──────── Input data ────────
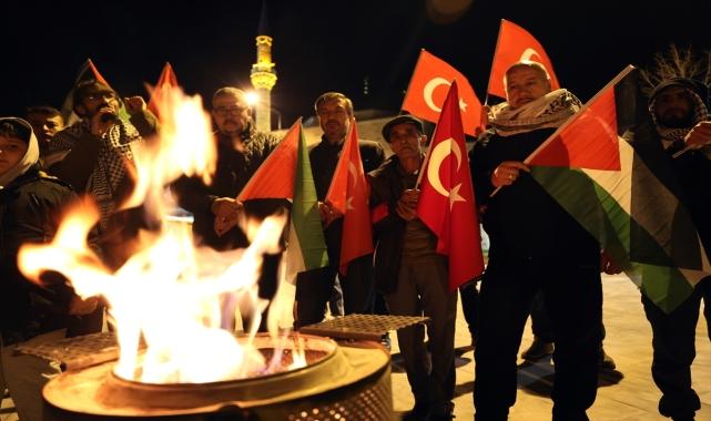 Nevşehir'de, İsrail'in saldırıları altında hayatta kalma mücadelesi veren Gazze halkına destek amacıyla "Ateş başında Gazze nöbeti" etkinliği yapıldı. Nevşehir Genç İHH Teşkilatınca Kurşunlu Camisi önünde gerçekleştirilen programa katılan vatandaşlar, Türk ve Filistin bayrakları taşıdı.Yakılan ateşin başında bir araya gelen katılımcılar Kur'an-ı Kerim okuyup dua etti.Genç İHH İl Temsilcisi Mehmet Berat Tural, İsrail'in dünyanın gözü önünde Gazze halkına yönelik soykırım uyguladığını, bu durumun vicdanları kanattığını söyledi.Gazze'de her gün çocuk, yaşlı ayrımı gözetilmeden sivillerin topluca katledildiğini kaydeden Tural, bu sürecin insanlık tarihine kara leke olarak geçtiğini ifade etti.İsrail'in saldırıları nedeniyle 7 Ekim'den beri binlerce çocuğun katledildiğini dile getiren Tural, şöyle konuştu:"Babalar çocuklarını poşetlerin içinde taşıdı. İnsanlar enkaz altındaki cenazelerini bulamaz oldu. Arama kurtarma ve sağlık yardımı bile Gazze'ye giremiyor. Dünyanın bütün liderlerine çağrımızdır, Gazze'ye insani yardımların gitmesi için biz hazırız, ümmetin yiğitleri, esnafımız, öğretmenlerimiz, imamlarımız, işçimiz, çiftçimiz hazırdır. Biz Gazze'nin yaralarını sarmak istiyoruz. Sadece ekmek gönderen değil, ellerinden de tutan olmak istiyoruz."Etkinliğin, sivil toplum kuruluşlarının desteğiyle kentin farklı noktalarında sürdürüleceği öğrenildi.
────────
──────── Input data ────────
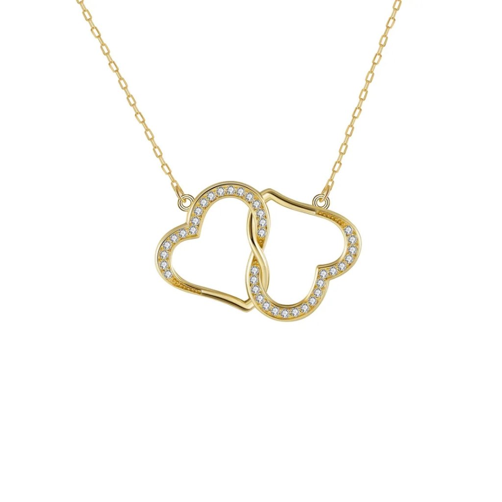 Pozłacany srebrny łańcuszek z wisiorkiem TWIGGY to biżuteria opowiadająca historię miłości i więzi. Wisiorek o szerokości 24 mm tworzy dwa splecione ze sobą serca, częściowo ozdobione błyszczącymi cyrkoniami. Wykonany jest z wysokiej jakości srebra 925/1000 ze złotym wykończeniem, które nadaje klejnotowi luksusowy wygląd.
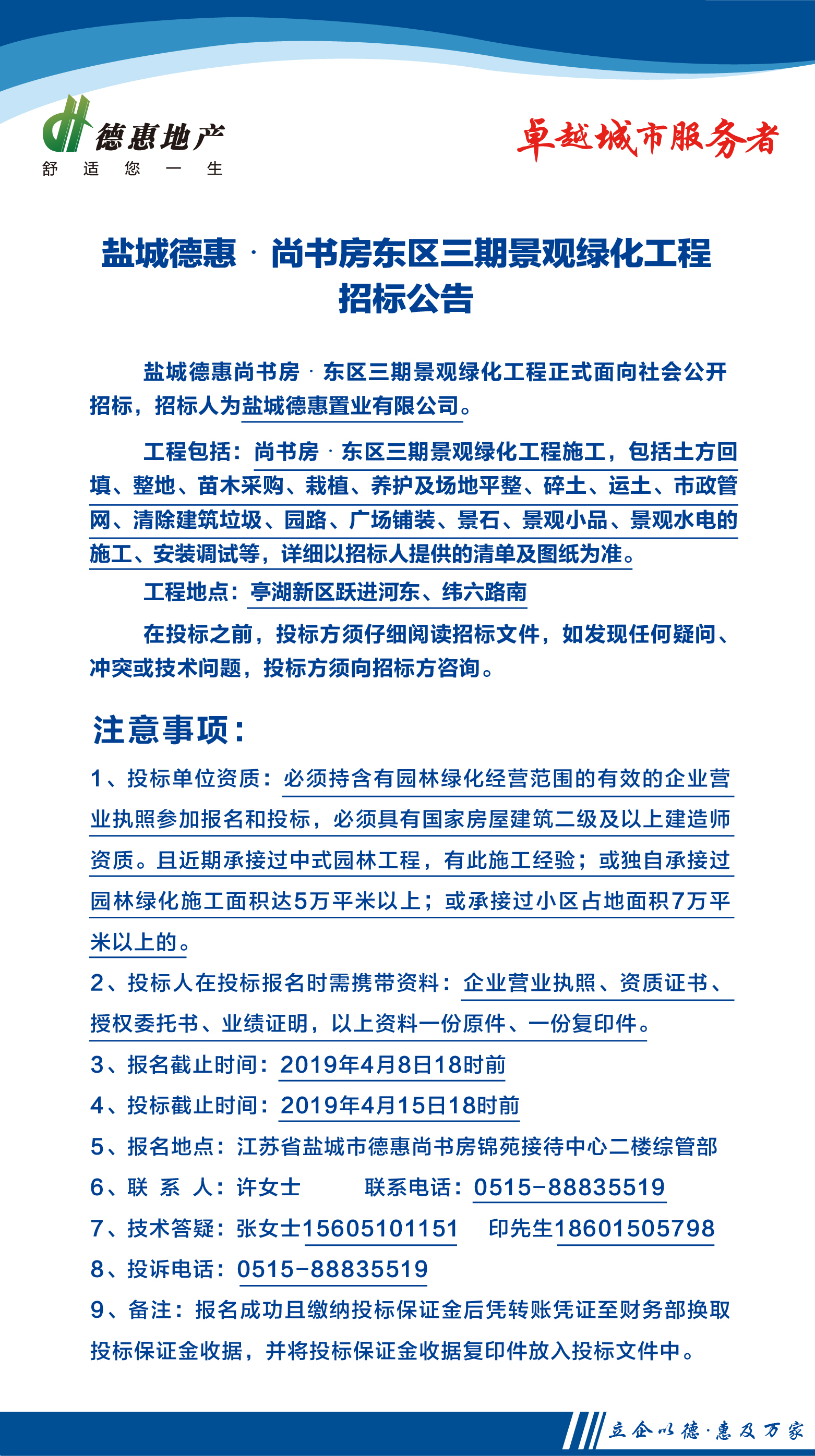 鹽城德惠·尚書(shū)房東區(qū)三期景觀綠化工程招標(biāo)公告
────────
Output exactly the lines above, beginning at the one with "Pozłacany srebrny łańcuszek" and stopping after the one with "鹽城德惠·尚書(shū)房東區(qū)三期景觀綠化工程招標(biāo)公告". Pictures are to be omitted.

Answer for the task -
 Pozłacany srebrny łańcuszek z wisiorkiem TWIGGY to biżuteria opowiadająca historię miłości i więzi. Wisiorek o szerokości 24 mm tworzy dwa splecione ze sobą serca, częściowo ozdobione błyszczącymi cyrkoniami. Wykonany jest z wysokiej jakości srebra 925/1000 ze złotym wykończeniem, które nadaje klejnotowi luksusowy wygląd.
 鹽城德惠·尚書(shū)房東區(qū)三期景觀綠化工程招標(biāo)公告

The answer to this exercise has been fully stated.